Problem statement:
The reply must contain exactly the lines below from the one with "Konferenční stolek Melville" down to the one with "Biologische jacquard jersey", both included, and nothing more; please omit the pictures.

Source records:
........
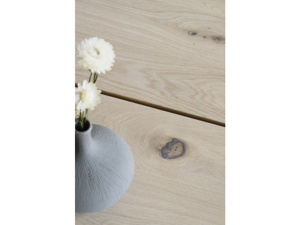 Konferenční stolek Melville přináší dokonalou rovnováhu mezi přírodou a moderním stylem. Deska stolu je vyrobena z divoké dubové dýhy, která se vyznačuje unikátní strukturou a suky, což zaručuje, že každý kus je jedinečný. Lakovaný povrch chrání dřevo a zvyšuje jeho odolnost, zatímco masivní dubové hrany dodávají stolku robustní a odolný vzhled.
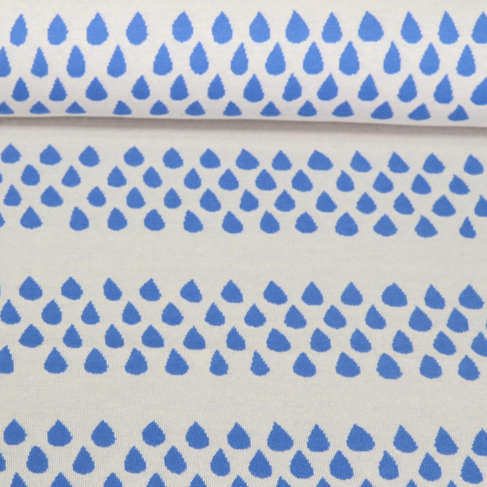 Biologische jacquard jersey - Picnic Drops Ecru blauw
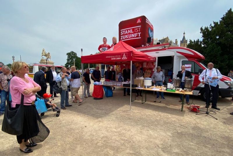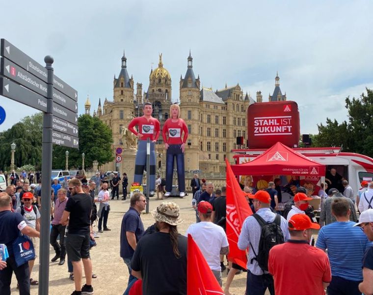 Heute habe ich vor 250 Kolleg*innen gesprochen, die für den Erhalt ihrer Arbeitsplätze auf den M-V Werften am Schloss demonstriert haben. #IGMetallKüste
........
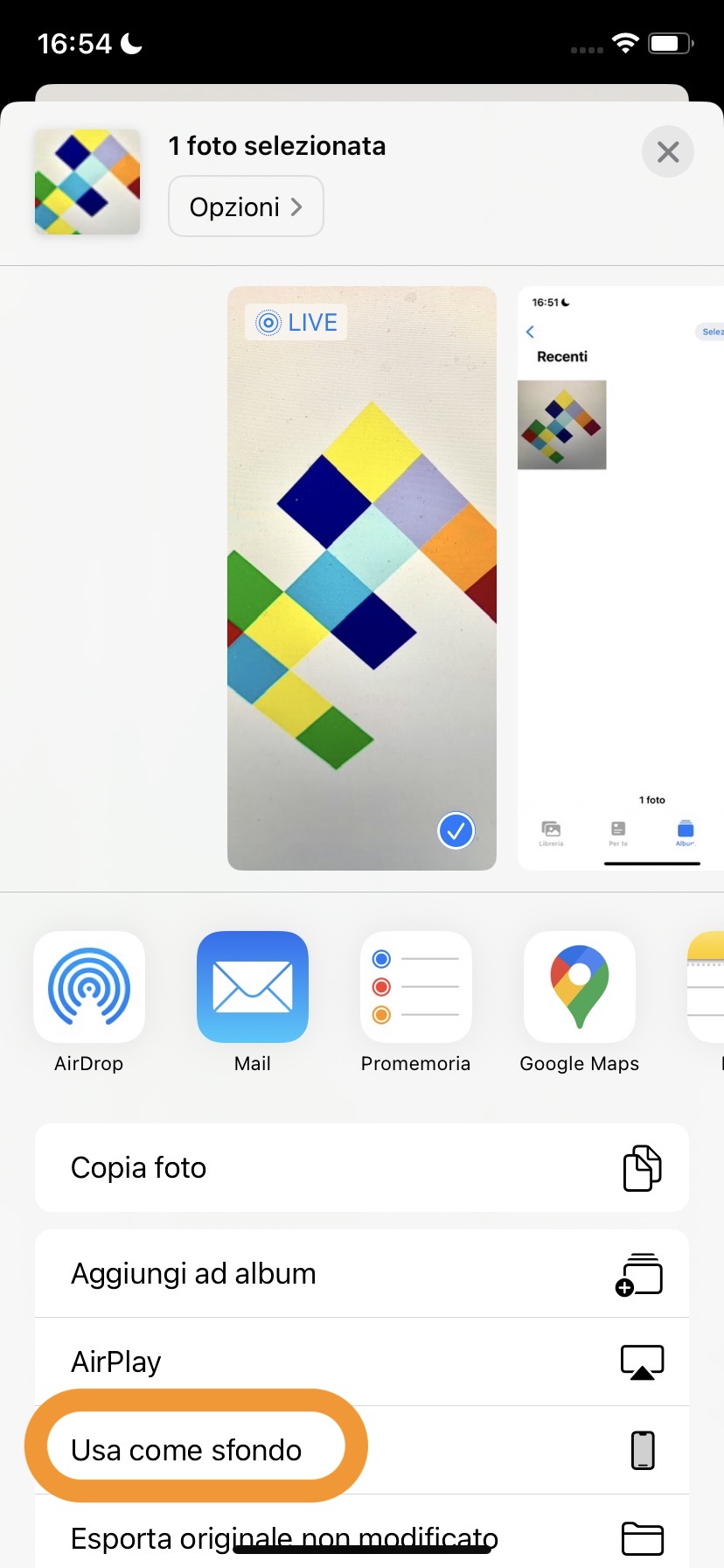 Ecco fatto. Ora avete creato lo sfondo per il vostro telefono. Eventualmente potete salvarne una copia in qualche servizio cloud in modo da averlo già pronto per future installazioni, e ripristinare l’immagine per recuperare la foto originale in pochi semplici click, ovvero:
........
Reply to the task:
 Konferenční stolek Melville přináší dokonalou rovnováhu mezi přírodou a moderním stylem. Deska stolu je vyrobena z divoké dubové dýhy, která se vyznačuje unikátní strukturou a suky, což zaručuje, že každý kus je jedinečný. Lakovaný povrch chrání dřevo a zvyšuje jeho odolnost, zatímco masivní dubové hrany dodávají stolku robustní a odolný vzhled.
 Biologische jacquard jersey - Picnic Drops Ecru blauw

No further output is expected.